À nouveau, l’accent américain. Un véritable caméléon sonore.

— Comment…

— Je vous ai retrouvée ? J’ai une source haut placée et extrêmement fiable à la Sûreté du Québec. Il m’a immédiatement contacté lorsqu’il a eu vent de votre demande de commission rogatoire. Une jeune flic française, qui voulait faire des fouilles dans les archives nationales de Montréal. J’ai tout de suite fait le rapprochement avec le fameux coup de fil, quelques jours plus tôt. Je connaissais votre heure d’arrivée, votre hôtel. Je vous file depuis hier. J’ai compris que vous étiez fiable.

Rotenberg constata que Lucie était au bord du malaise. Il s’approcha d’elle et la conduisit vers un canapé en la soutenant.

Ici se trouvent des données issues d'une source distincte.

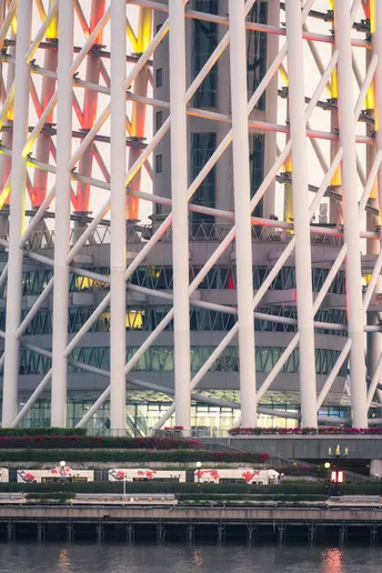 黄昏,用长焦镜头拍摄下有轨电车和广州塔。

— De l’eau, s’il vous plaît, réclama-t-elle. Je n’ai pas bu, ni beaucoup mangé. Et la journée n’a pas vraiment été reposante.

— Oh oui, excusez-moi. Bien sûr.

Il se précipita vers la cuisine et revint avec de la charcuterie, du pain, de l’eau, des bières. Lucie but plusieurs verres et avala des tranches de saucisson avant de retrouver un peu de lucidité. Rotenberg s’était décapsulé une canette. Il la regardait avec attention, les mains entourant sa petite bouteille.

— Tout d’abord, vous devez savoir qui je suis. J’ai longtemps travaillé dans un illustre cabinet de défense des libertés civiles, à Washington, auprès de Joseph Rauth, un très, très grand avocat. Ce nom vous dit quelque chose ?

Washington… Là où avait vécu le cinéaste Jacques Lacombe…

— Absolument rien.

— Alors, vous en savez moins que je ne le pensais.

— Je suis ici, au Canada, pour obtenir des réponses. Essayer de… de piger pourquoi on tue pour récupérer un film vieux de plus de cinquante ans.

Il prit une large inspiration.

— Vous voulez savoir pourquoi ? Parce que tout est dans le film, Lucie Henebelle. Parce que, à l’intérieur, se cache la preuve de l’existence d’un programme secret de la CIA, qui s’est servie de malheureux Guinea pigs[5] pour mener à bien ses expérimentations. Ce programme fantôme, dont tout le monde ignore à ce jour l’existence, a été développé en parallèle au projet Mkultra.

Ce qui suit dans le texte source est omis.